The Australian dollar strengthened across the board against its major counterparts on Tuesday, with risk sentiment risking among investors. Two of the main drivers behind AUDGBP, AUDEUR and AUDUSD gaining in value were the EU’s agreement on a €750bn coronavirus recovery plan, coupled with comments in a speech by RBA governor Philip Lowe. AUD also started the week off on the front foot, on the back of news that Coronavirus vaccine testing at Oxford University is showing signs of creating immunity to the virus.
As a commodity-based currency it is typical to see AUD gain significantly in times where risk sentiment amongst investors is higher. Throughout yesterday’s trading, AUDUSD gained by almost 1.5% and AUDGBP by 1%. If you are currently holding AUD you are looking to sell, now could be a great time to get in contact with us to find out how our specialist currency service at Foreign Currency Direct could help you take advantage of this spike in AUD value, which are close to some of the best levels to sell AUD in 12 months.
Positive Vaccine Tests Boost AUD Value
Although there is still much work to be done, the initial testing of the Coronavirus vaccine developed in Oxford University has been positive and there are fresh hopes this could help lead to a treatment to the virus becoming administered globally by next year. Professor Gilbert from the University of Oxford stated after the results were published: “There is still much work to be done before we can confirm if our vaccine will help manage the COVID-19 pandemic, but these early results hold promise.” News of this story is likely to continue to have an impact on the value of AUD moving forward and is worth following if you have an upcoming AUD transfer.
This news helped AUD start the week off positively across the board and was further bolstered on the news that the EU have agreed their Coronavirus recovery programme to help ailing economies in the bloc withstand the aftereffects of the lockdown measures implemented in recent months. Although this news is likely to see the euro gain moving forward due to the solidarity within the bloc it highlights, it has seen the single currency fall in value against many of its major counterparts including GBP and AUD as it has been the catalyst for a shift in investor risk appetite.
AUD Reaction to RBA Meeting Minutes and Lowe Speech
In the early hours of this morning following the latest minutes from the Reserve Bank of Australia (RBA) policy meeting, comments from governor Philip Lowe have helped cement AUD’s recent move. There were attempts to weaken the currency, with Lowe admitting he would like to see AUD lower in order not to price out their exports but confirmed that the exchange rate is “broadly aligned with its fundamentals”. There was no change to interest rates in the latest meeting, but Lowe did confirm that the RBA would not rule out a change in policy “if circumstances warranted” and clarified that “negative interest rates in Australia remain extraordinarily unlikely.”
Another key factor to keep an eye out for regarding the future of AUD is the government’s controlling of COVID-19 which has seen localised lockdowns reintroduced in areas where a spike in cases had been seen.
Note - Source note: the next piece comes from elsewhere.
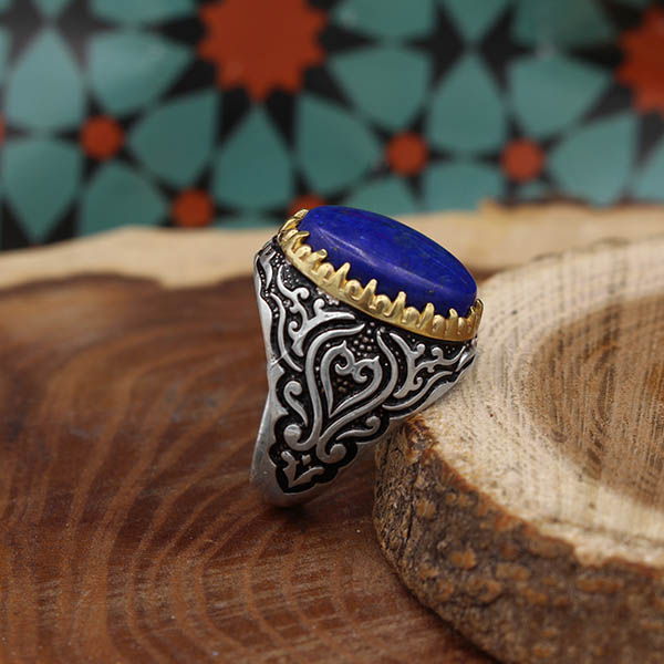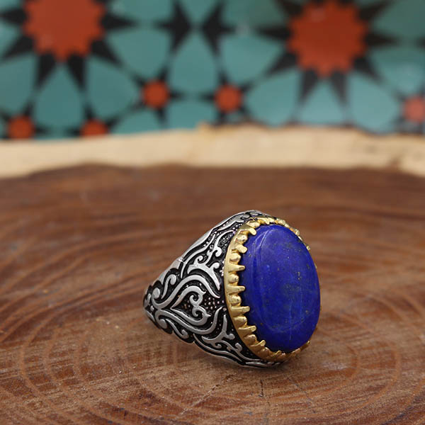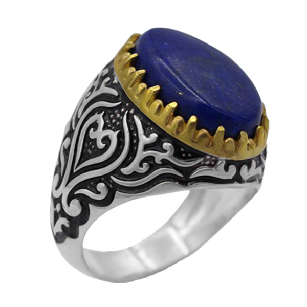 انگشتر لاجورد نقره مردانه طرح نوروز

When these measures were announced a few weeks back we saw AUD weaken as a result. Cases across the nation passed the 12,000 mark earlier this week, much lower than in many other economies, but these lockdown measures will likely hamper the economy when many others are starting to reopen, and this could see AUDGBP weaken further going forward.
Other data releases to look out for later this week that could affect AUD value include the National Australia Bank’s business confidence numbers on Thursday morning, which will give a good indication of how businesses are coping with the current climate and where they see future activity. Friday also sees Manufacturing and Services PMI which should also give a good indicator in to how the economy is performing.